| WHAT YOU HAVE TO DO |
Below are the records. Reproduce exactly the lines from the one containing "商品名称:艾莱2023新款A类新疆长绒棉加厚柔顺磨毛四件套瑞秋-蓝莓灰" through the final line, and omit any pictures.

*** Opening of DATASET CONTENT ***

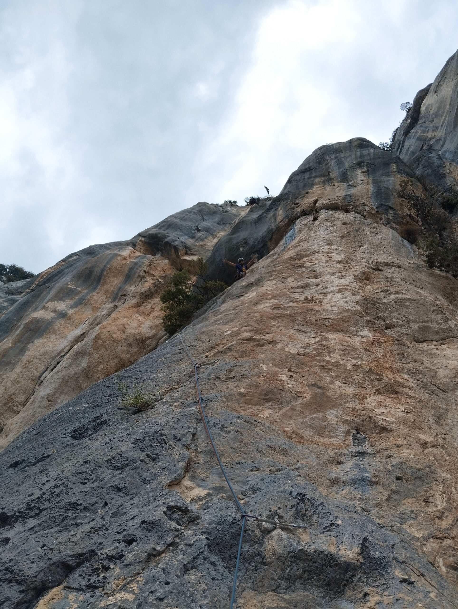 - L4. 7a+, 45m. le difficoltà sono nei primi 10 metri poi diventa 6a/b. (spoiler: per fare il passo obbligato bisogna rovesciare il bidito sinistro)
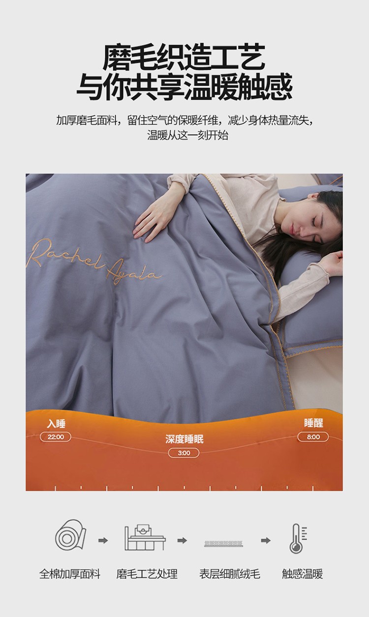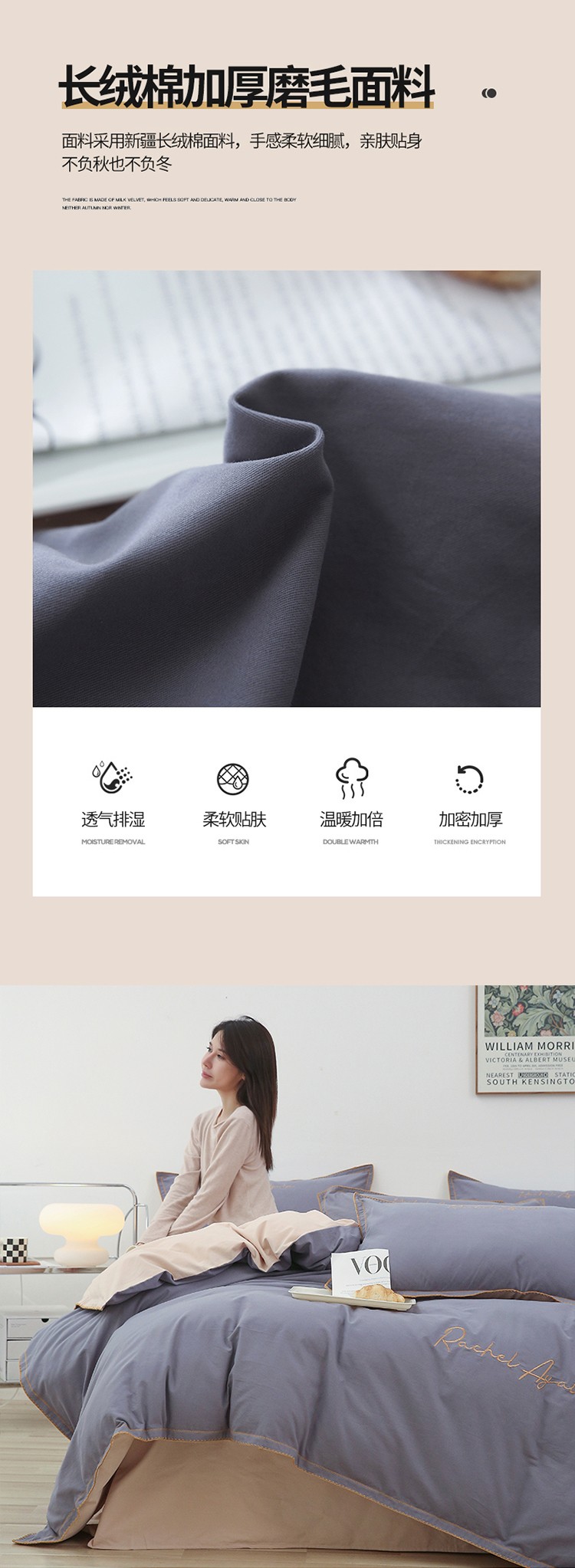 商品名称:艾莱2023新款A类新疆长绒棉加厚柔顺磨毛四件套瑞秋-蓝莓灰
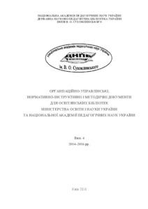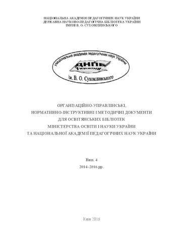 The fourth edition of the practical guide "Management, regulatory guidance documents and guidelines for educational libraries of the Ministry of education and science of Ukraine and National Academy of pedagogical Sciences of Ukraine" contains documents for the network of educational libraries of different types and types that are developed by scientists of the State scientific pedagogical library of Ukraine named. A. Sukhomlinsky during 2014-2016. Prepared the manual is intended for librarians of the network of educational libraries. It can also be used in the libraries of other systems and departments.
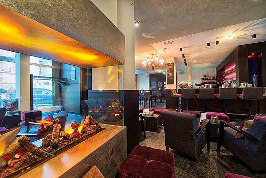 Smoky stained oak, friendly greys, colour accents. Always friendly service ensures a seamless transition to the evening. The bar fills up, the music gets a little louder, the light is dimmed, the atmosphere will be relaxed and comfortable.
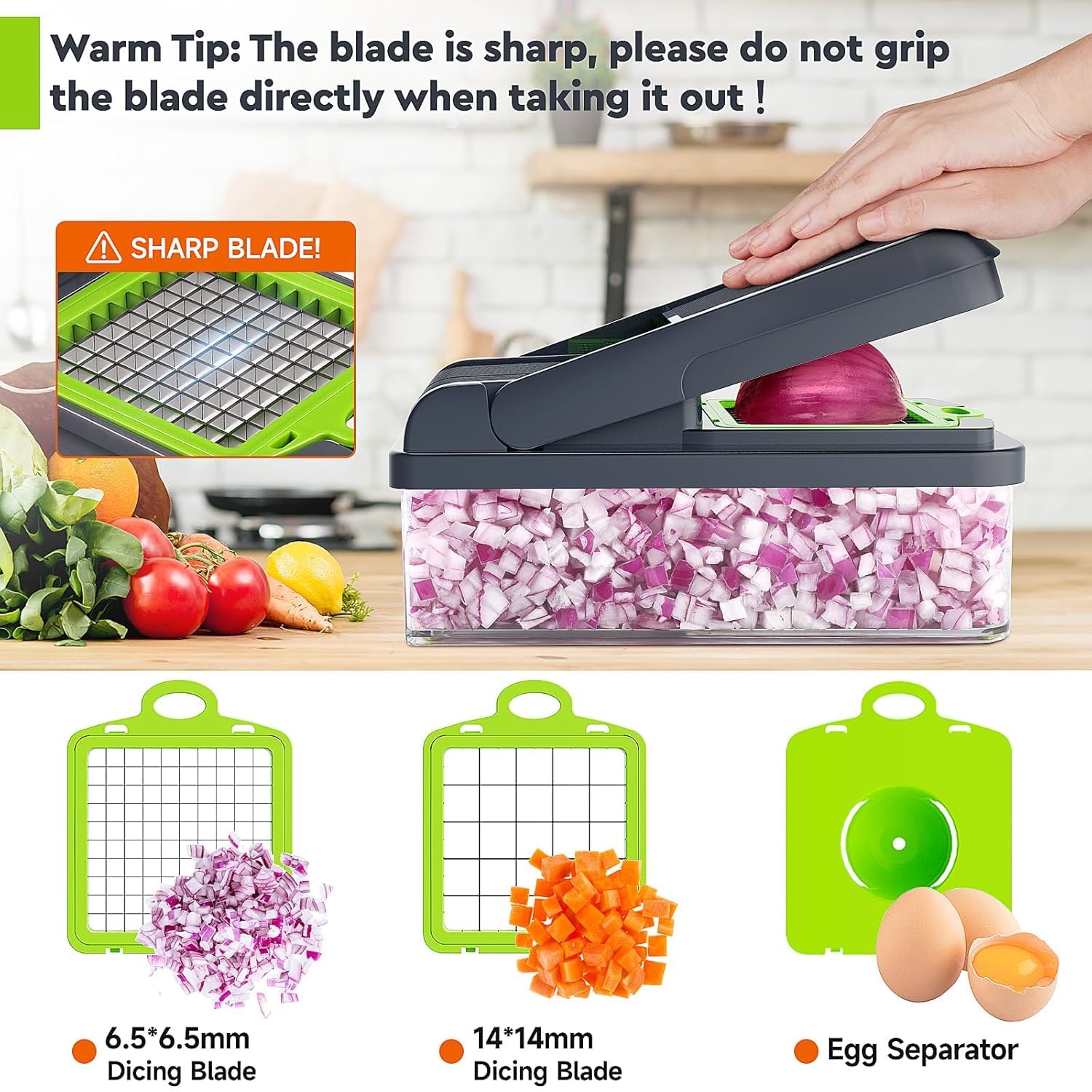 12-in-1 Vegetable Chopper, 7 Blade Veggie Chopper, Practical Food Chopper with Container, Cheese Grater, Home Essentials & Kitchen Gadgets

*** Close of DATASET CONTENT ***

| COMPLETED EXERCISE |
 商品名称:艾莱2023新款A类新疆长绒棉加厚柔顺磨毛四件套瑞秋-蓝莓灰
 The fourth edition of the practical guide "Management, regulatory guidance documents and guidelines for educational libraries of the Ministry of education and science of Ukraine and National Academy of pedagogical Sciences of Ukraine" contains documents for the network of educational libraries of different types and types that are developed by scientists of the State scientific pedagogical library of Ukraine named. A. Sukhomlinsky during 2014-2016. Prepared the manual is intended for librarians of the network of educational libraries. It can also be used in the libraries of other systems and departments.
 Smoky stained oak, friendly greys, colour accents. Always friendly service ensures a seamless transition to the evening. The bar fills up, the music gets a little louder, the light is dimmed, the atmosphere will be relaxed and comfortable.
 12-in-1 Vegetable Chopper, 7 Blade Veggie Chopper, Practical Food Chopper with Container, Cheese Grater, Home Essentials & Kitchen Gadgets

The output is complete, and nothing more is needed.